I'm having the oem steel plate installed this Friday. It is heavy, but then so is the bill for damages to the parts under there!


----------



## kgw (May 1, 2008)

No joy...Same problem as another had, only he had the 2.0! The large bar that supports the front of the steel pan did not clear the compressor  After his problems I double-checked the part numbers, to no avail unfortunately.

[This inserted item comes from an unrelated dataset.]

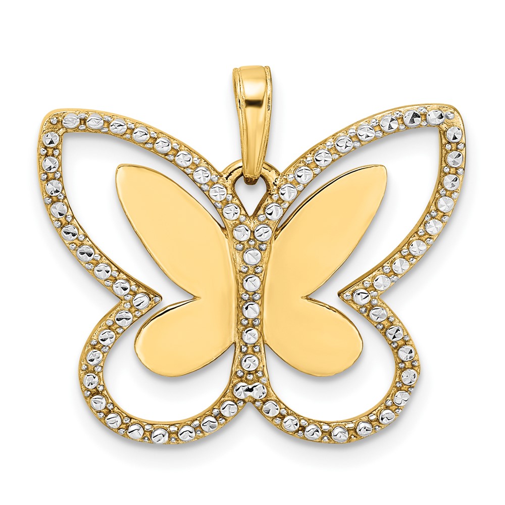 14k and White Rhodium Diamond-cut Butterfly Pendant
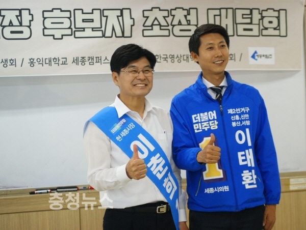 이날 더불어민주당 기호 1번 이태환 세종시의원 후보(제2선구)는 이춘희 세종시장 후보 초청 대담회을 참관하며 “청년들의 의견과 애로 사항을 청취하며 앞으로 학생들의 창구 역할을 하겠다”고 다짐했다.

Hopefully someone has the correct mounting bar that will clear the 3.2's compressor!


----------



## fuscobal (Nov 24, 2004)

I will install this for improved aerodynamics as it should smoothen the flow and reduce the air pressure under the car, thus adding some downforce (or suction as u preffer). Maybe the gain isn't huge but it should be there, especially with a properly lowered car and a front air dam and/or splitter !


----------



## FlyingTurtle (Mar 26, 2006)

Aerodynamic wonders


----------



## spandea (Dec 17, 2003)

i had to remove my belly pan a coiuple weeks ago due to it getting tore up in a snow storm. i have a 2009 2.0tQ. i'm planning on replacing it and i'm interested in the 3.2 version is it will fit. 

so to crew219 (or anyone else that might be able to anser this), what year is your a3 and is it quattro? i'm not sure if year or quattro matters in this case but i've seen it does in many others.

thanks


----------



## tp.wannabe.s3 (May 21, 2010)

3.2 is quattro only and if it fits 2.0 fwd
it will fit 2.0 q


----------